What the task asks
Omit every picture, then return each line of the data below exactly.

Information supplied
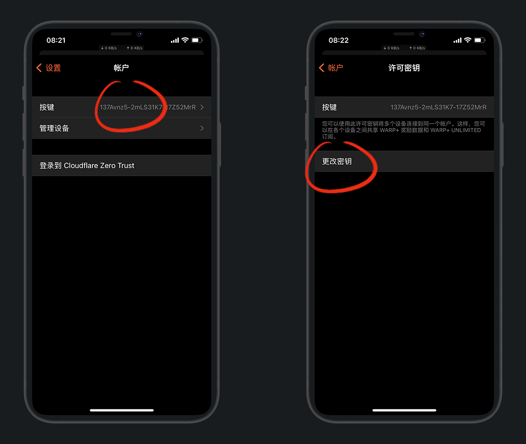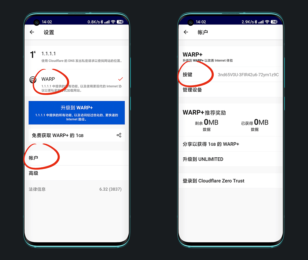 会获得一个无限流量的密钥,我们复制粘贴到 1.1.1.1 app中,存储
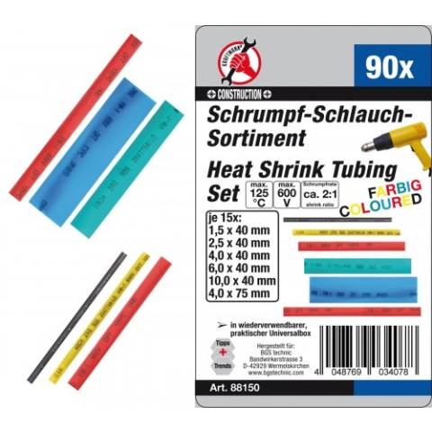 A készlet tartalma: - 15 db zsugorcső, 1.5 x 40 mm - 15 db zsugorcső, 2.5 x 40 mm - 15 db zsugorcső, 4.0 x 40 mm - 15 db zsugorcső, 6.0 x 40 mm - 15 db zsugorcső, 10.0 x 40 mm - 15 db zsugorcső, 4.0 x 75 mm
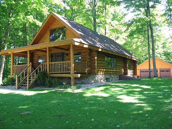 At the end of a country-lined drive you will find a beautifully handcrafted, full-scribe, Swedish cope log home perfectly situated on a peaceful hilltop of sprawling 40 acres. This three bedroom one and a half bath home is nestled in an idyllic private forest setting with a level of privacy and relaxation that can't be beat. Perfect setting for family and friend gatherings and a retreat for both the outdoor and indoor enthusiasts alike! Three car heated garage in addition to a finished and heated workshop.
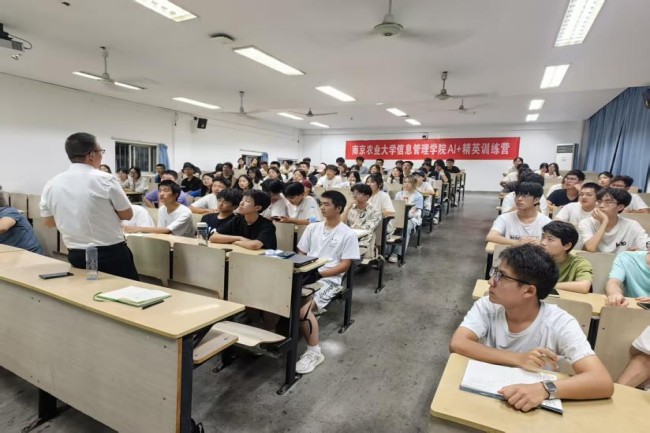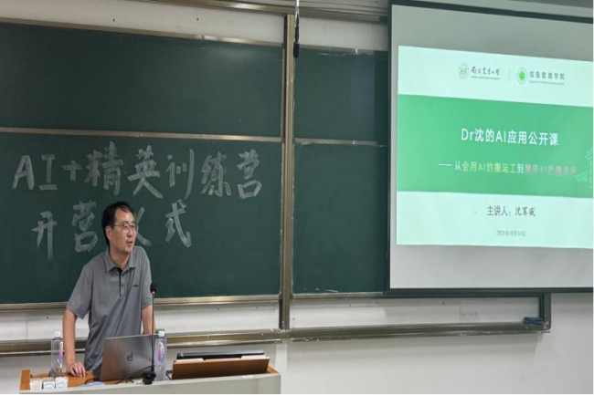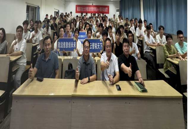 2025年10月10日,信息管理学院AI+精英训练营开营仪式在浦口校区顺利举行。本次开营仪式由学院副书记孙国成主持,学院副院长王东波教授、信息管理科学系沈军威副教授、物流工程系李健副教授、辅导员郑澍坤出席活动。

Answer space
 会获得一个无限流量的密钥,我们复制粘贴到 1.1.1.1 app中,存储
 A készlet tartalma: - 15 db zsugorcső, 1.5 x 40 mm - 15 db zsugorcső, 2.5 x 40 mm - 15 db zsugorcső, 4.0 x 40 mm - 15 db zsugorcső, 6.0 x 40 mm - 15 db zsugorcső, 10.0 x 40 mm - 15 db zsugorcső, 4.0 x 75 mm
 At the end of a country-lined drive you will find a beautifully handcrafted, full-scribe, Swedish cope log home perfectly situated on a peaceful hilltop of sprawling 40 acres. This three bedroom one and a half bath home is nestled in an idyllic private forest setting with a level of privacy and relaxation that can't be beat. Perfect setting for family and friend gatherings and a retreat for both the outdoor and indoor enthusiasts alike! Three car heated garage in addition to a finished and heated workshop.
 2025年10月10日,信息管理学院AI+精英训练营开营仪式在浦口校区顺利举行。本次开营仪式由学院副书记孙国成主持,学院副院长王东波教授、信息管理科学系沈军威副教授、物流工程系李健副教授、辅导员郑澍坤出席活动。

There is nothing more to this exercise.